This rebalancing of the government’s powers in favour of the President would no doubt impact the sovereignty of the people. Whatever that was said or not said in the government’s election manifesto, these changes would have to be approved by the people at a referendum in order to gain political legitimacy and in order to comply with constitutional requirements.
But the importance of the changes proposed by the Bill go beyond that question and strikes at the heart of the evolution of Sri Lankan democracy. The changes proposed by the Twentieth Amendment, if implemented, will return the office of the President back to its original position in the 1978 Constitution.
The United National Party (UNP) government that enacted this Constitution did so with no consultation with other political parties in Parliament, especially political parties which represented minority communities. This powerful executive President, who could completely control Parliament, make appointments to Superior Courts and key positions in law enforcements with absolute impunity, was thus foisted upon the peoples of Sri Lanka.
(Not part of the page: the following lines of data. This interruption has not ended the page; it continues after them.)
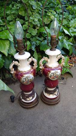 VTG Martha & George Washington Handptd. Gold Gilt Porcelain Lamp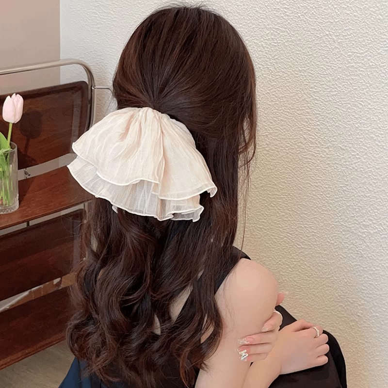 beige pleated oversized hair ring
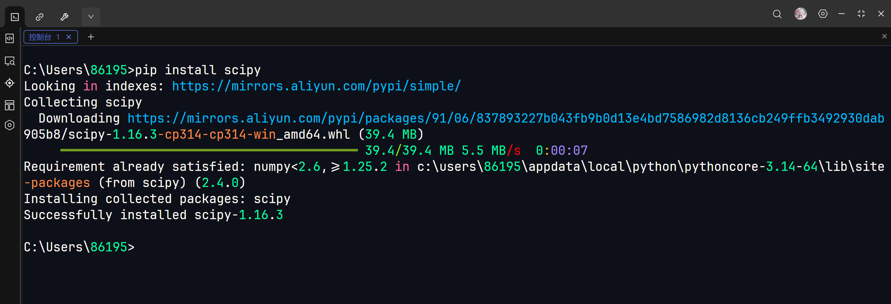 pip install scipy -i https://mirrors.aliyun.com/pypi/simple/

When the Constitution was enacted in 1978, all of those in Opposition (the ideological and political predecessors of those in government today) opposed the move and criticised the Executive President for what it was, a constitutionalised dictatorship. The Opposition’s predictions were repeatedly affirmed in the way the power of the Executive Presidency was used. Instead of heightened development, the country was set back several decades due to conflict, violence, abuse of power and corruption. Instead of the free and equal society envisaged in the preamble of the Constitution, we got a more divided and unequal society. These outcomes were the result of the Executive Presidency. The mandate to abolish the Executive Presidency, was born out of this historical context, so powerful was this call that every holder of that office between 1994 and 2019, won the election expressly promising to abolish the Executive Presidency.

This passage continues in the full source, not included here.